Our time in Phuket had come to an end, and it was time to go somewhere new. We wanted to get away from the crowds, and I came across this island, in the middle of Phang Nga Bay, between Phuket and Krabi. To get there from Patong, we first had to get to the East side of the island, to Bang Rong Pier. No busses go there from Patong so we decided to take a tuk tuk. They initially wanted to charge us 800 baht, but I negotiated it down to 600.
It was actually our first tuk tuk ride, and it was nice to have the breeze blowing on you through the open sides, because it was a scorcher of a day. We arrived at the pier about 45 minutes later, just in time to catch the 13:15 speedboat.
After a 30 minute ride, we arrived at Ko Yao Yai, but that wasn’t our destination so we stayed on for another 5 minutes and arrived at Ko Yao Noi, its sister island.
We hadn’t booked accommodation in advance so we asked some guys around the pier if they knew of anything available, and they took us to Namtok Bungalows for 100 baht per person.
Namtok is the epitome of relaxed island bungalows. We asked for accommodation, they led us to a bungalow, and when we asked about paying they said we could just do it when we leave.
The bungalow was nothing more than a bed and a toilet, but it was enough. There is a communal area with free coffee, a fridge to store things and free wifi. It costs 550 baht a night, which is the cheapest accommodation on the whole island as far as I know.
The next day we hired a scooter to explore the island. Is is very small, 50 km squared in area, so we had covered it by lunch. On the East Coast there are beaches, and on the West, rice paddies and mangroves. The beaches are not exactly like the ones you see in Thailand advertisements, but they are still nice.

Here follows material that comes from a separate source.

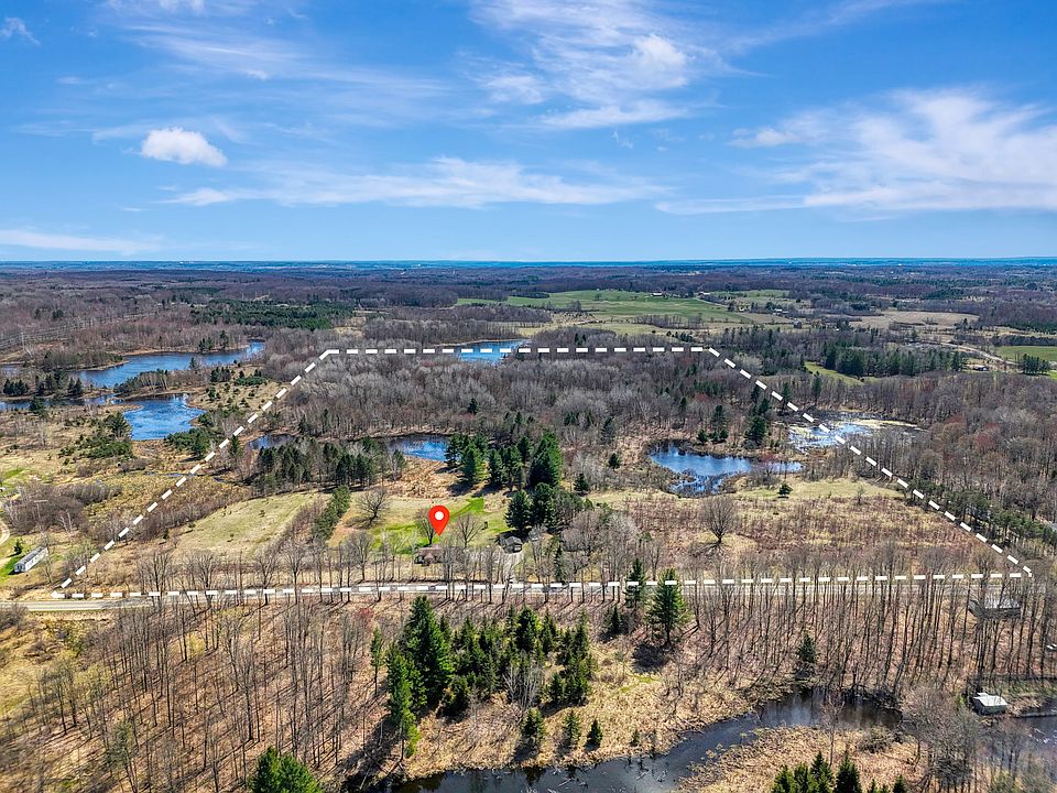 80 acres in a peaceful setting with trails and close to state land. The abundant wildlife makes this ideal for hunting or lovers of nature. The acreage has been blessed with plentiful hardwood and fruit trees. The three ponds provide not only a gorgeous view - but also afford opportunities for water fun such as kayaking. The property has been maintained by a trapper that has kept beavers at bay allowing for the ponds to be at regulated water levels. On a paved road with a blacktop driveway. The insulated pole building is 30 x 40 and has electricity and 12 ceilings. Appliances are included and there is outside water for the garden area.

It is tidal, so you can swim at high tide, but at low tide there is a long flat, almost marshy area, that is difficult to cross to get to the sea because of all the big crabs and pieces of coral that might cause some damage to your feet on the way.
The roads are very easy to drive, and there is little traffic. The whole island only has one 7 Eleven, and I don’t even think it has an ATM. Driving along, you see people as I would imagine they would have looked 50 years ago, selling fruit or just relaxing in the shade with friends. This whole island is not very developed, and so remains relatively untouched by the (mostly destructive) hand of tourism.
Ways to spend your time include reading in a hammock, eating fresh Thai food and combing the beach for shells. Or sleeping. So although it was a welcome change from Patong, Norman and I got a bit bored. There are some nearby islands to explore but that involves renting a long tail boat for about 2500 baht… so we decided against it. So we will be leaving for Krabi tomorrow, probably only to get bombarded with another overload of tourists (this is the pot calling the kettle black or whatever because we are tourists too! Anyways…) but it’s fine – we want some swimming beaches and excitement.